- [About this task] Repeat all of the data below word for word, keeping no images.

- [Information supplied]

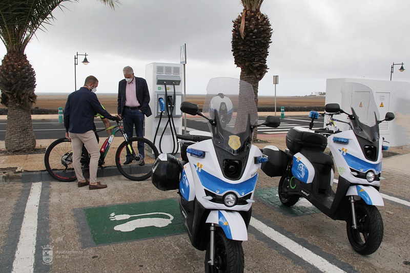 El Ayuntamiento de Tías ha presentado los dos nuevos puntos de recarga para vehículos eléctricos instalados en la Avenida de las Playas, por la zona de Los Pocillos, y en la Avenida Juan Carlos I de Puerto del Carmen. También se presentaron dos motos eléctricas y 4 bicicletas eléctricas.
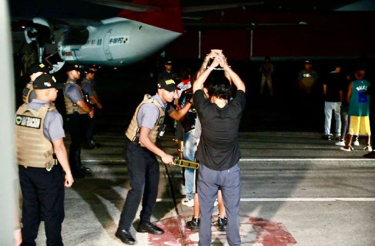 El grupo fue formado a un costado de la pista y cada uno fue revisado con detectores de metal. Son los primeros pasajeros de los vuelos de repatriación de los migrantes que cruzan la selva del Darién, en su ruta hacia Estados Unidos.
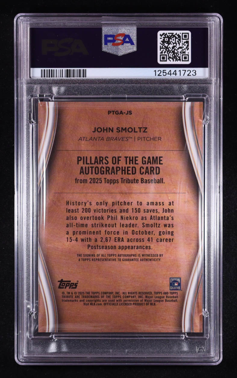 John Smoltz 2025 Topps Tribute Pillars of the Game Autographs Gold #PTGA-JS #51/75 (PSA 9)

- [Solution to this task]
 El Ayuntamiento de Tías ha presentado los dos nuevos puntos de recarga para vehículos eléctricos instalados en la Avenida de las Playas, por la zona de Los Pocillos, y en la Avenida Juan Carlos I de Puerto del Carmen. También se presentaron dos motos eléctricas y 4 bicicletas eléctricas.
 El grupo fue formado a un costado de la pista y cada uno fue revisado con detectores de metal. Son los primeros pasajeros de los vuelos de repatriación de los migrantes que cruzan la selva del Darién, en su ruta hacia Estados Unidos.
 John Smoltz 2025 Topps Tribute Pillars of the Game Autographs Gold #PTGA-JS #51/75 (PSA 9)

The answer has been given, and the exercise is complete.